Records supplied below:

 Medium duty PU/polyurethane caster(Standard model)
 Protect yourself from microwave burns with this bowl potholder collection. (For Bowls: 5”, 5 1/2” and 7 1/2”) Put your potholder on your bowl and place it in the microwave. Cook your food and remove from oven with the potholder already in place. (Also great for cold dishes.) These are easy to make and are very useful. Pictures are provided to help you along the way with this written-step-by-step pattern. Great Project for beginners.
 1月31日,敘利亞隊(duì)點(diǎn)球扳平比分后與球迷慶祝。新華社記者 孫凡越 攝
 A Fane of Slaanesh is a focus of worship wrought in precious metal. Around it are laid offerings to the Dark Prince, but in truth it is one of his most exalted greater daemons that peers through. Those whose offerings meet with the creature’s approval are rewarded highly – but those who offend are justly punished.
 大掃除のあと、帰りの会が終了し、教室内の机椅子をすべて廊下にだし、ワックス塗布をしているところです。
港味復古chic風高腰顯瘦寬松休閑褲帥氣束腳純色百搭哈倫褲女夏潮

End of Records supplied.
Records supplied below:

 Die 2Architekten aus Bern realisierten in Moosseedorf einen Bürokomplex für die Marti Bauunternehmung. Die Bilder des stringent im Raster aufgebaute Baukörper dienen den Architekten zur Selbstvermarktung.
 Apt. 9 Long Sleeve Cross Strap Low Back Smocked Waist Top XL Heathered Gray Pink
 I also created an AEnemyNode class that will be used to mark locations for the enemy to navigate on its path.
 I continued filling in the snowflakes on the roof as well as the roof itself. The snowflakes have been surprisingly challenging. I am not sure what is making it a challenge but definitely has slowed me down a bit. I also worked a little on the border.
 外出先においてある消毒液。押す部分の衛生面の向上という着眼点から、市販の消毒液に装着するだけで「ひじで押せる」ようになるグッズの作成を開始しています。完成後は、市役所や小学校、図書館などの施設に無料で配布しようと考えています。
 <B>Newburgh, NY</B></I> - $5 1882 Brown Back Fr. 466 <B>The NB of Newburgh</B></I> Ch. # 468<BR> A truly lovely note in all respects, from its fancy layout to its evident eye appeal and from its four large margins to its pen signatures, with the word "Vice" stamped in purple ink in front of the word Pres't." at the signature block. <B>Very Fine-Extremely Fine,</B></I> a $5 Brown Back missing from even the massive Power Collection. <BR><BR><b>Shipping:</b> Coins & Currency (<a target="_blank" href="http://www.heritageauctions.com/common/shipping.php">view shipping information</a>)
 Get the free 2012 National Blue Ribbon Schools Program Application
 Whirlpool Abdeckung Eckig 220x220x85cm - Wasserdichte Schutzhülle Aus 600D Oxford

End of Records supplied.
Records supplied below:

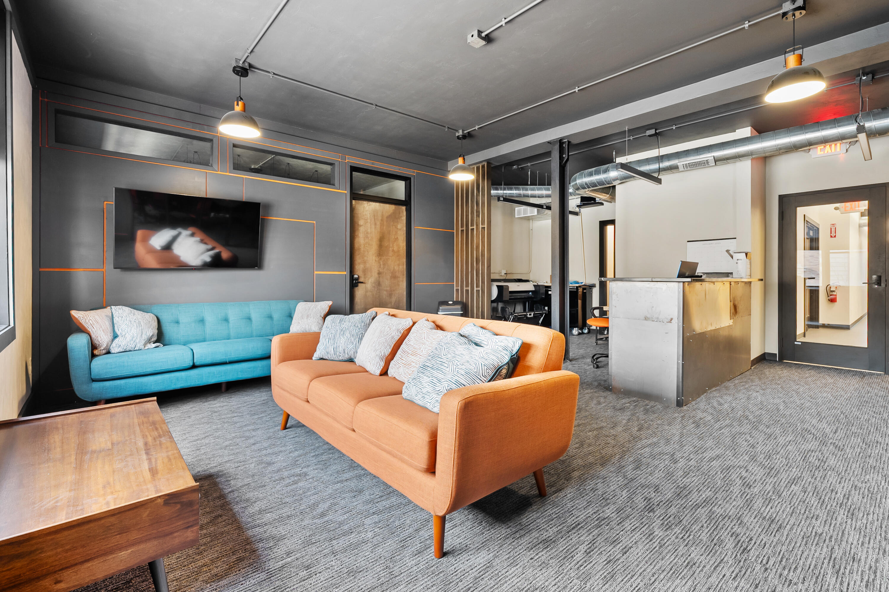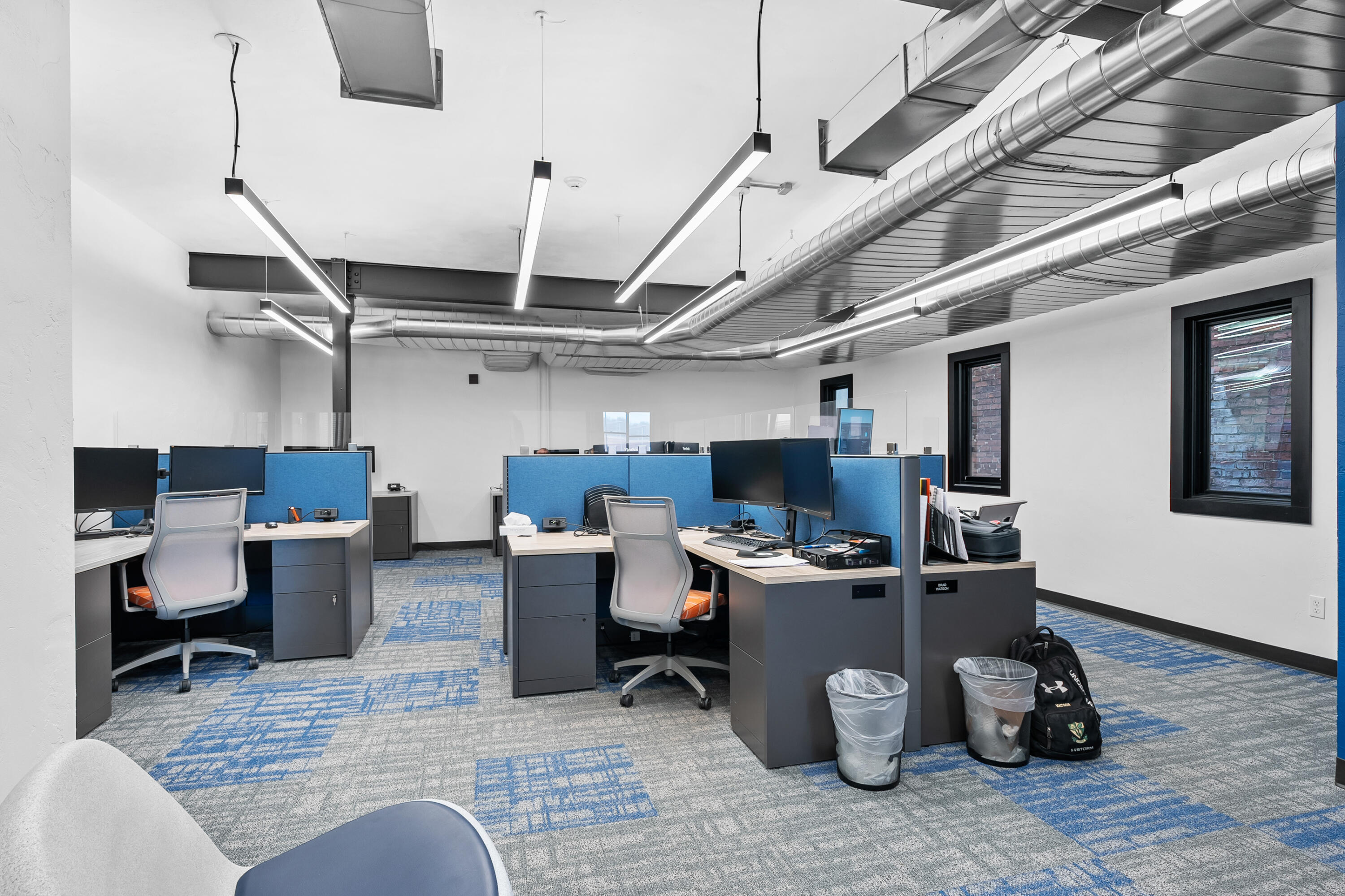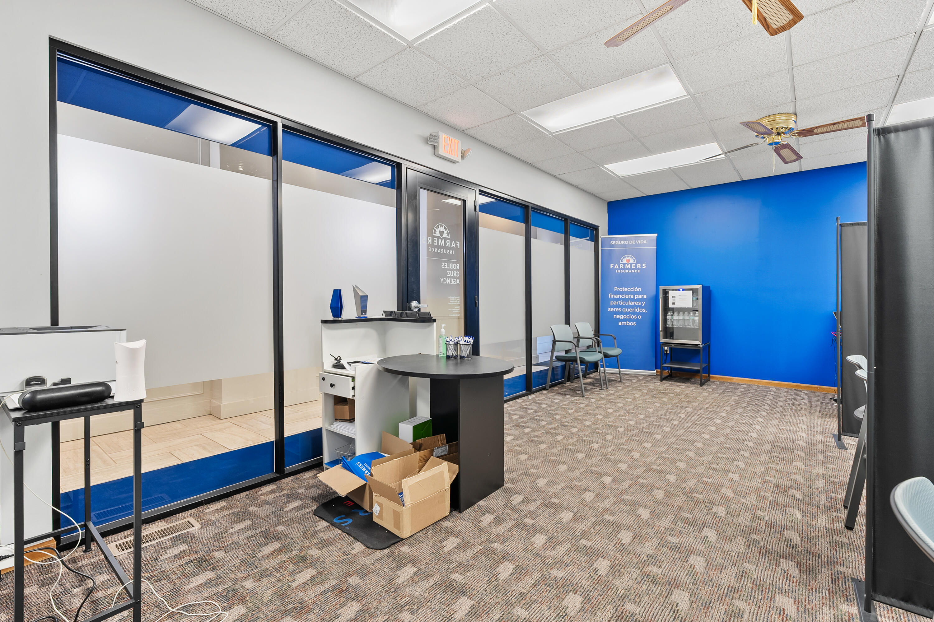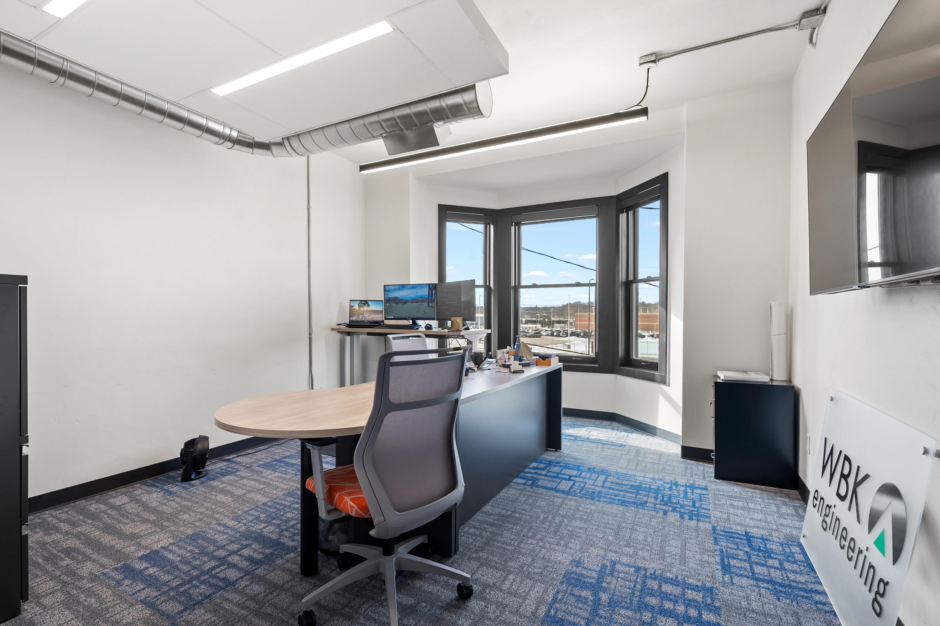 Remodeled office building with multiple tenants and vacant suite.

End of Records supplied.

**Task prompt**
Among the entries above, locate the lines containing "Medium duty PU/polyurethane" and "Protect yourself from", and transcribe exactly those two lines and all lines between.

**Output for this task**
 Medium duty PU/polyurethane caster(Standard model)
 Protect yourself from microwave burns with this bowl potholder collection. (For Bowls: 5”, 5 1/2” and 7 1/2”) Put your potholder on your bowl and place it in the microwave. Cook your food and remove from oven with the potholder already in place. (Also great for cold dishes.) These are easy to make and are very useful. Pictures are provided to help you along the way with this written-step-by-step pattern. Great Project for beginners.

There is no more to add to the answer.